His hand crashed down on the tabletop and a dead fly was flicked on the floor.

The commissaris rolled off his mattress and pulled his suitcase toward him. He opened it and began to feel around. "Here," he said. "A book on Deshima. The Dutch ambassador sent it to me in Tokyo. I think I remember reading something about Dutchmen and flies. Let me see."

He flipped through the pages of the book, and Dorin looked over his shoulder. The book had a number of fullpage illustrations in color, photographs of Japanese scrolls showing the love life of the Dutch merchants, tall men with bags under their eyes, frolicking with young ladies with calm faces, not a hair out of place, dressed in many-layered kimonos. The bottom half of the paintings showed dainty white legs pushed aside by hairy hands and monstrous penises hard at work. The merchants hadn't bothered to take their hats off. The paintings, four in a row, were obviously done by the same artist, and each picture had the same composition, although the merchants and the prostitutes were different persons. The rooms were Japanese, the furniture Dutch, heavy claw-and-ball couches adorned with tassels, huge tables made out of solid oak and with lions sculptured at the corners, thick velvet draperies hiding most of the fusuma, the delicate Japanese sliding doors made out of slats and tightly stretched paper.

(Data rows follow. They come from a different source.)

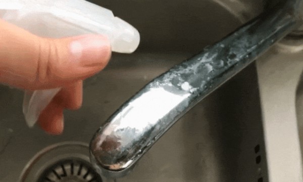 我们可以在水垢上面喷洒清洁剂,然后静置1分钟,在用抹布一擦就亮。
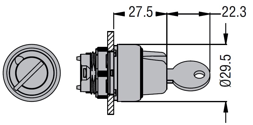 Selettore a chiave a 2 posizioni, è ammessa qualsiasi posizione di montaggio, realizzato in poliammide. Si aggancia su foro Ø 22mm mediante ghiera filettata. Durata meccanica: 1.000.000 cicli
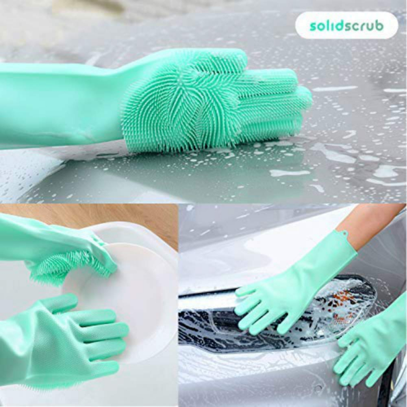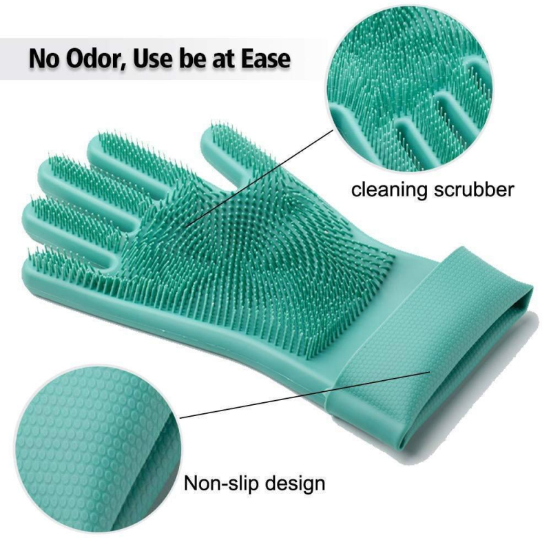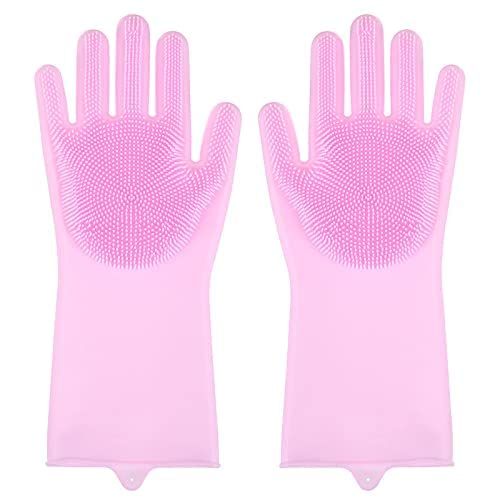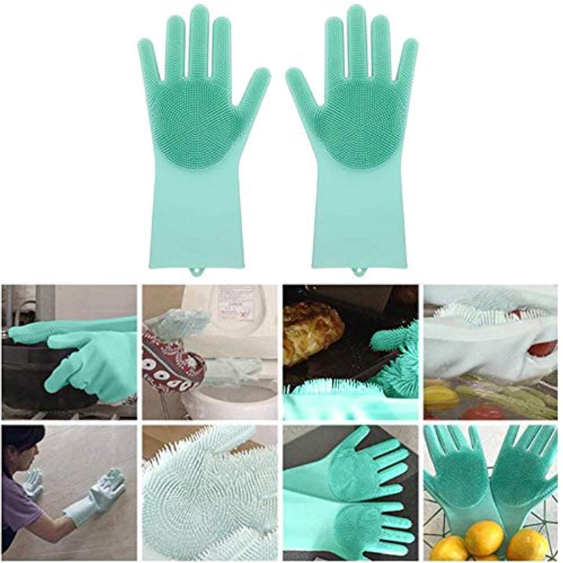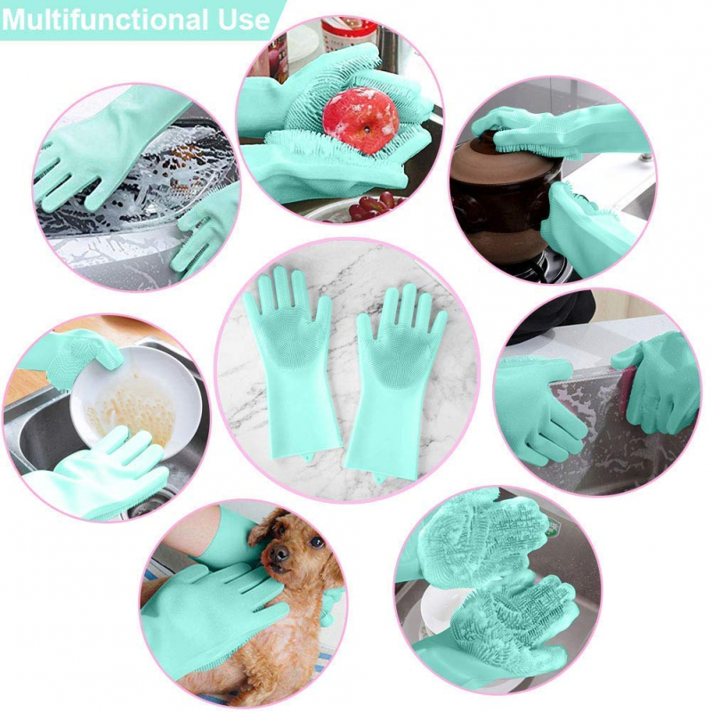 Silicone Hand Gloves Reusable Heat Resistant for Kitchen Bathroom Dishwashing Pet Grooming Car Washing 1 Pair
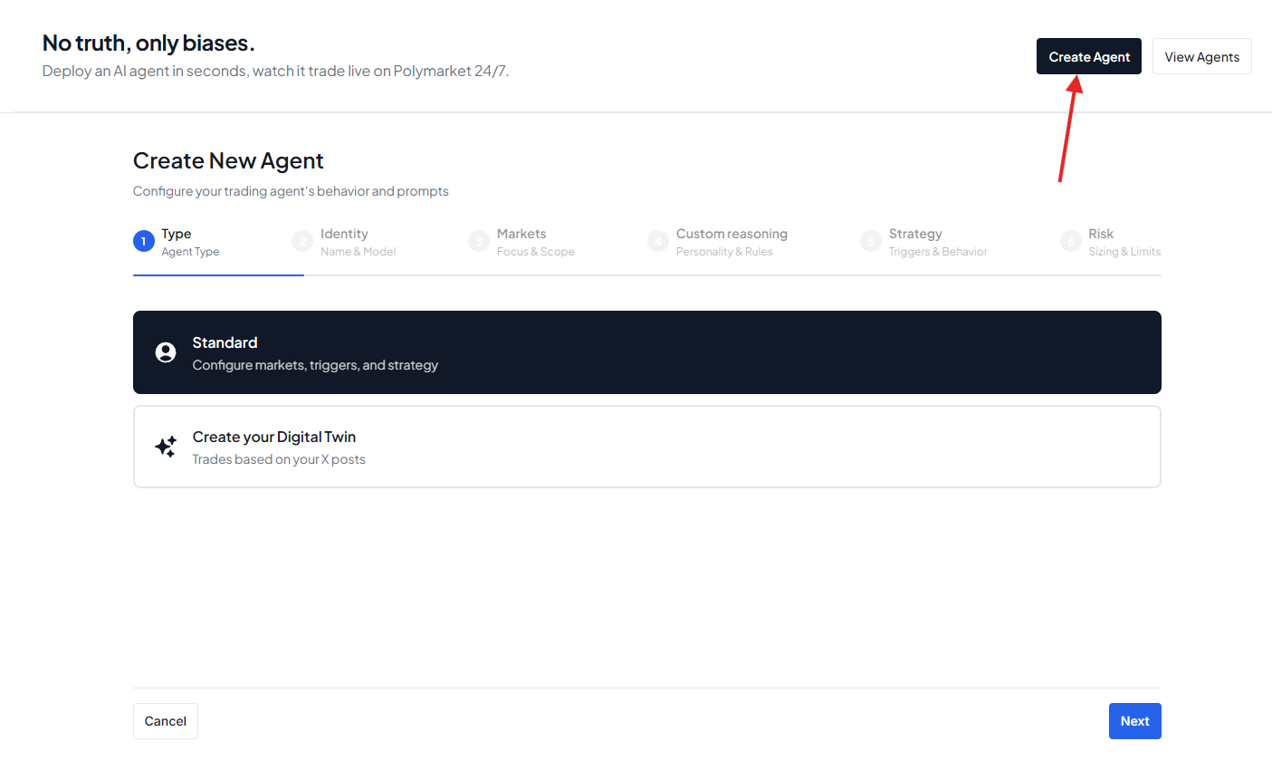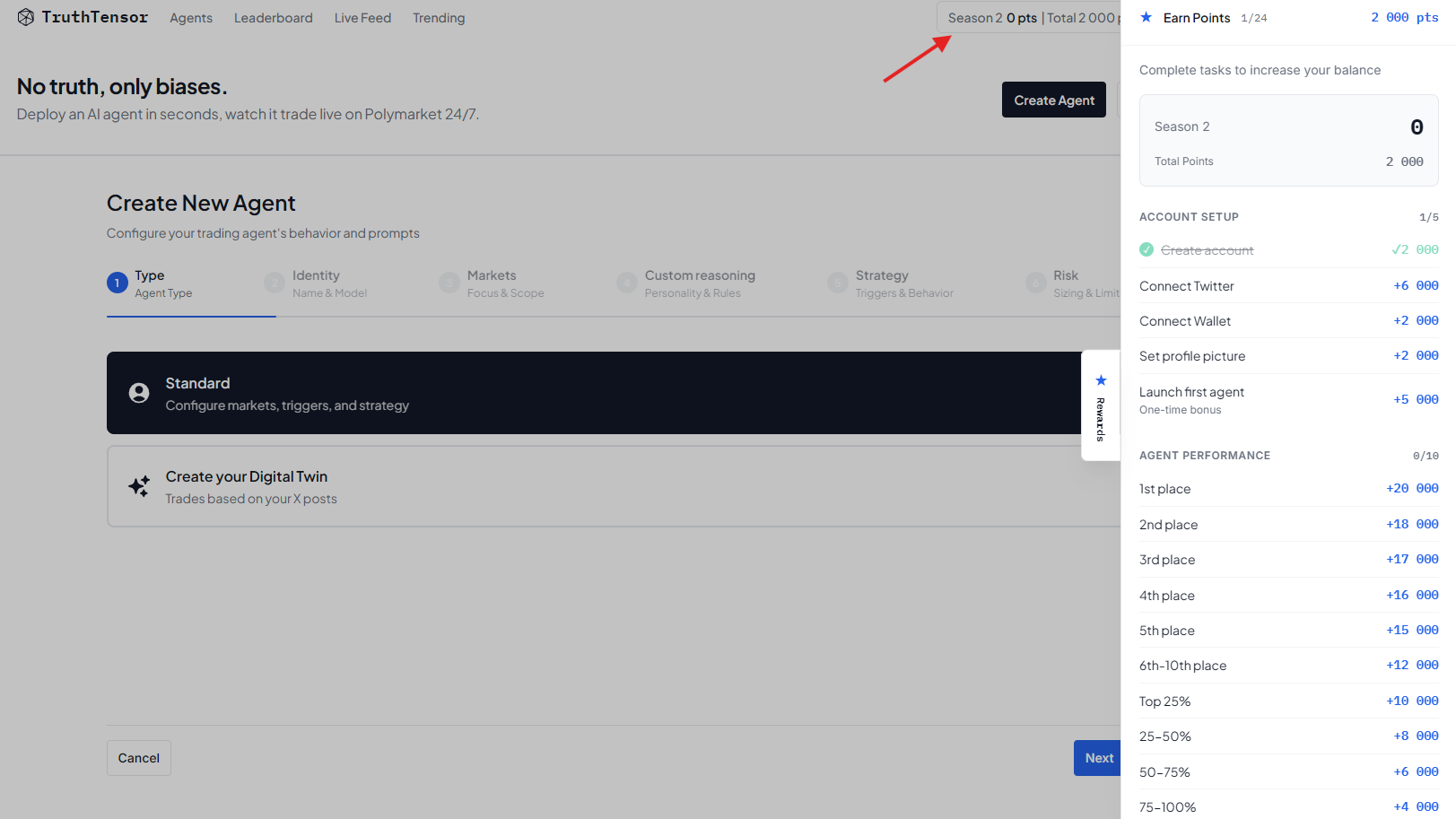 Click Create Agent, fill in the required details, and let the agent start trading and earning points.
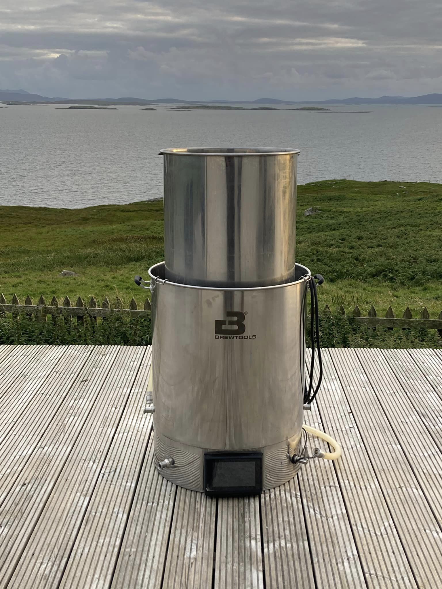by a bigger or shinier piece of brewing equipment, we took the plunge and upgraded our brewing vessel (again!) Nick collected the new tank on an epic 48 hour road trip from Borrisdale to Bedfordshire and back (via Dunfermline to drop off a bolt of tweed for our friends at Borrisdale Tweed and Manchester to collect a new Brewery van). At around the same time we were given the opportunity to rent some storage at the old coastguard’s hut in Leverburgh which allowed us to free up some much needed space in the Brewshed. This new equipment has allowed us to increase production so that we are now brewing five times the amount of beer we were when we started in July 2020 and although we may have said this before, this is definitely our last upgrade as our tiny tin Brewshed is now absolutely at capacity.
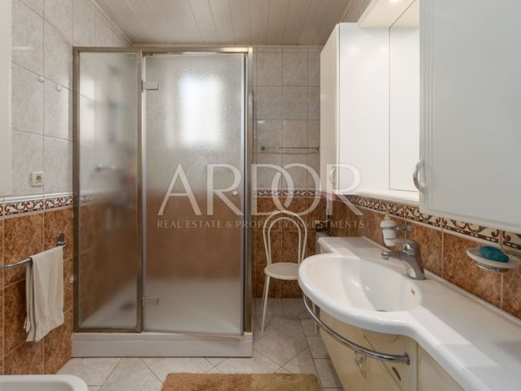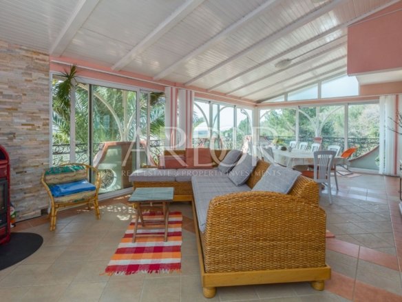 Das hohe Erdgeschoss führt uns in das Wohnzimmer und die Küche mit Esszimmer, von der aus man Zugang zu einer großzügigen Terrasse hat – einem Wintergarten, in dem Sie im Sommer wie im Winter den Panoramablick auf das Meer genießen können. Im Erdgeschoss befinden sich zwei Schlafzimmer, ein Badezimmer mit Toilette, eine separate Gästetoilette und ein Abstellraum.
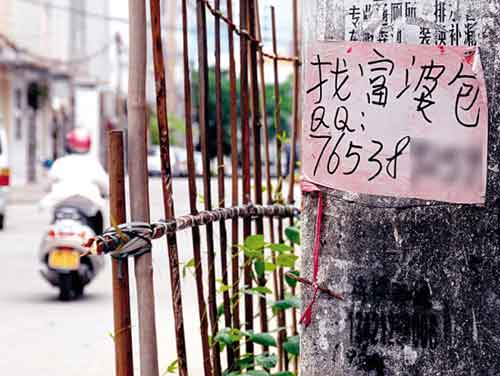 當“阿華”知道記者是從他貼的街頭小廣告上得知其QQ號碼時,顯得有些得意:“我不僅在街頭貼廣告,還印了大批的名片插到小轎車的車窗上,要我提供服務(wù),隨時可以聯(lián)系!
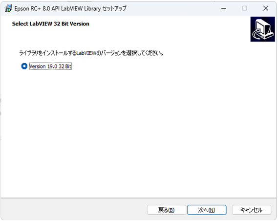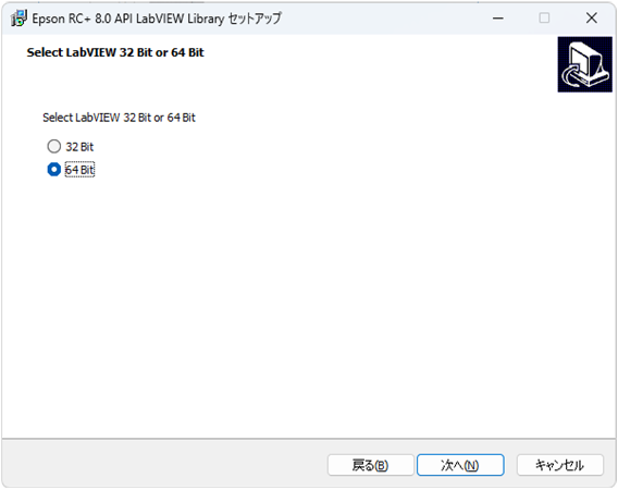 - インストーラーを起動し、使用しているLabVIEWアプリケーションのビットを選択すると、PCにインストールされているバージョンが表示されます。デフォルトでは、最新のバージョンが選択されています。Epson RC+ 8.0 LabVIEW VIライブラリーを使用するバージョンを選択します。
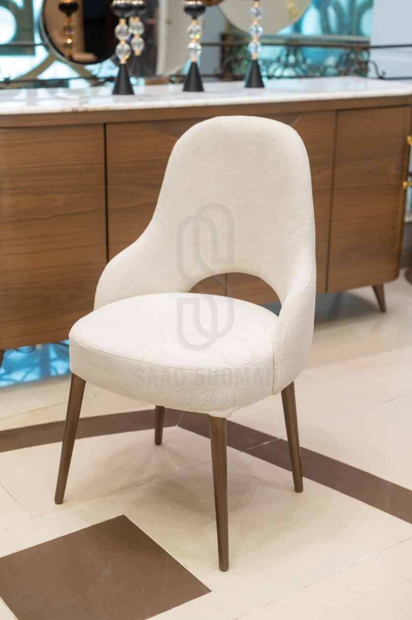 طاولة طعام مستطيلة مصنوعة من أجود أنواع الخشب، مع سطح زجاجي شفاف يضيف لمسة عصرية وأنيقة لغرفة الطعام. تحيط بها كراسي مبطنة بقماش مخملي ناعم بلون فاتح، بتصميم مريح ومسند ظهر داعم، وأرجل خشبية متناسقة مع قاعدة الطاولة، مما يخلق تناغمًا راقيًا ومريحًا.
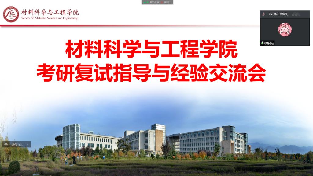 为帮助考研学子充分了解复试信息,掌握复试技巧,提升备考信心。近期,材料科学与工程学院通过线上方式举办了多场考研复试指导与经验交流会。交流会共邀请了7位我院历届优秀毕业生校友分享复试经历和宝贵经验。2018级70余名考研上线学生参加了此次会议,会议由2018级辅导员赵飞老师主持。
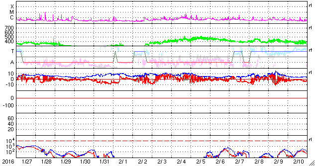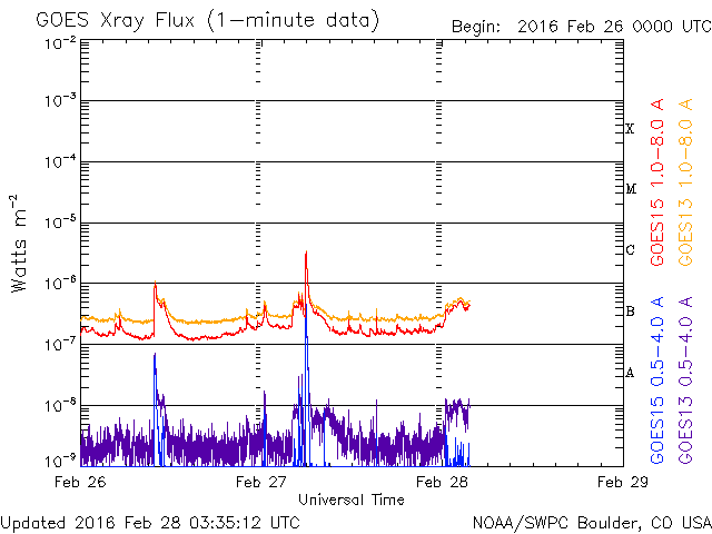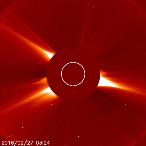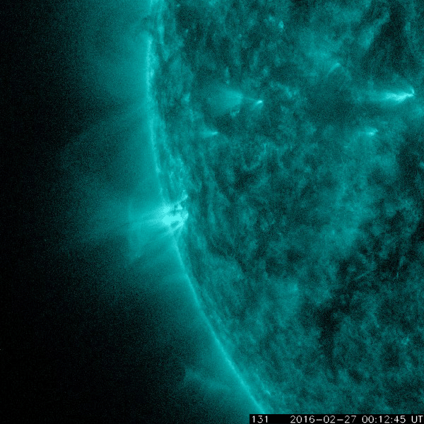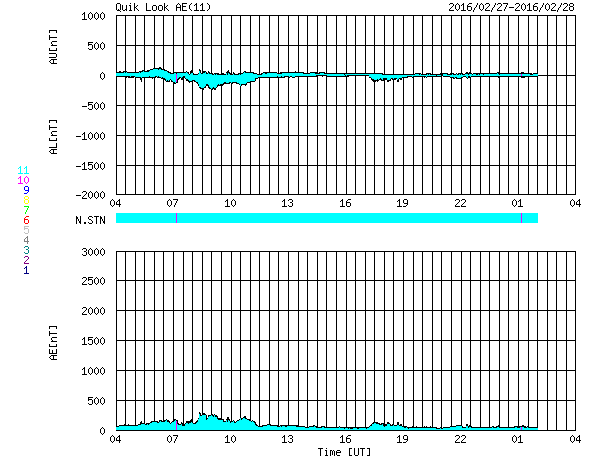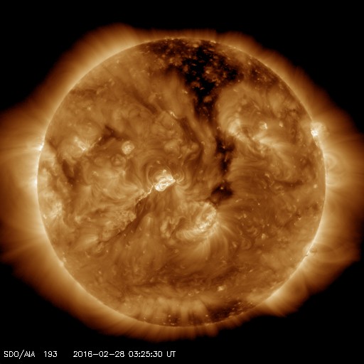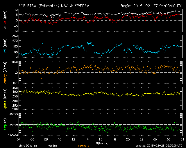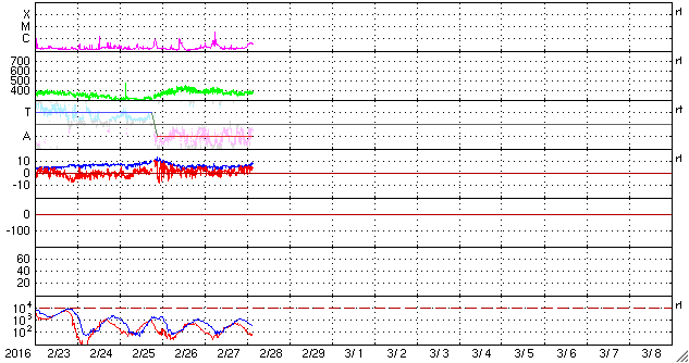 2016/ 2/28 12:36 更新 太陽風はやや低速で、磁気圏は静穏です。 担当 篠原 太陽の中央に見える2506黒点群が少し大きくなり、 C3.3の小規模フレアと、 Bクラスの小さいフレアを数回起こしています。 活動的な状態は続いているようです。 また、太陽の東端(左端)で、27日13時(世界時27日4時)頃に Bクラスの小さいフレアが発生したのですが、 SDO衛星の動画を、AIA131、193、171と、 3種類繋げて掲載します。 数字は、撮影している光の波長を示しています。 それにより、様々な温度のコロナを見ることができます。 (Wikipedia参照) 爆発の様子がいろいろ違って見えて、興味深い動画です。 このフレアに伴って、 CME(太陽ガスの放出現象)も発生しています。 SOHO衛星LASCO C2の動画を掲載します。 横に向かっているので、地球への影響はありません。 太陽風は、370km/秒とやや低速の風が続いています。 磁場強度は、5nTで安定していましたが、 今朝くらいから少し高まって、8nTになっています。 更に上がり続けるのか、この辺りで落ち着くのか、 今後やって来ると思われる、 コロナホールの影響との関係に注目してください。 太陽風磁場の南北成分は、北寄りになっています。 このため、磁気圏は穏やかになっていて、 AE指数はほとんど変化がみられません。 SDO衛星AIA193では、コロナホールが西に進んでいます。 明後日、3月1日くらいから影響がやって来るかもしれません。 ![]() SDO衛星AIA131,193,171による、太陽の東端で発生した小規模のフレア。 (c) SDO (NASA)、 (動画加工 : 宇宙天気ニュース) ![]() 東端のフレアに伴って発生したCMEの噴出。SOHO衛星LASCO C2。 (c) SOHO (ESA & NASA)、 (動画加工 : 宇宙天気ニュース) ![]() SDO衛星のAIA193カメラによる太陽コロナの様子 (c) SDO (NASA) ![]() SDO衛星による太陽の可視光写真。マウスの矢印を写真に重ねると、黒点番号付きの写真に切り替わります。 (c) SDO (NASA) ![]() GOES衛星の太陽X線データ (c) NOAA/SWPC ![]() ACEが観測した太陽風の磁場(1番上の枠、白線は全体の強度、赤線は南北成分) および、太陽風の密度(3番目の橙線)、速度(4番目の黄線) (c) NOAA/SWPC ![]() リアルタイムAE指数 下段のAEグラフの値が高くなると、オーロラ活動が活発化しています。 (c) 京都大学, NICT ![]() 27日の太陽周期に合わせたデータプロット 太陽が同じ面を地球に向けていた27日前の変化から、今後を予想することができます。 (c) 作図:宇宙天気ニュース

De Gier was looking at the pictures, too, and pointed out a merchant's face. "That fellow looks like me."

The commissaris and Dorin laughed. There was indeed a similarity, caused mainly by the merchant's enormous mustache and large brown eyes. The artist had been very good; he had even caught the twinkle in the man's eyes.

"They were having a good time," Dorin said, and the commissaris turned the page. He found what he was looking for.

"Here. Almost the same words. 'When Dutchmen go to the castle, flies follow.'"

"Castle?" Dorin asked. "No, no, 'the Far East'. 'Toyoo' also means castle', but that wasn't meant here. See, they have the Japanese text too. But for us the meaning is the same. You stink and I am a fly and will be swatted. We have had our warnings now. All four of us, the priest, you two gentlemen and myself. If we continue our efforts to buy Daidharmaji's treasures, we will come to harm. I have some knowledge of the ways of the yakusa. They really must do something violent now or they will lose face."

"Right," the sergeant said, slipping his flute back into its leather cover. "Well, they are welcome."

"What about you?" Dorin asked the commissaris.

"They are welcome," the commissaris said. "They succeeded in frightening me, unfortunately, and they must have enjoyed watching me running about in that temple garden. I would like to have a chance to show some courage for a change."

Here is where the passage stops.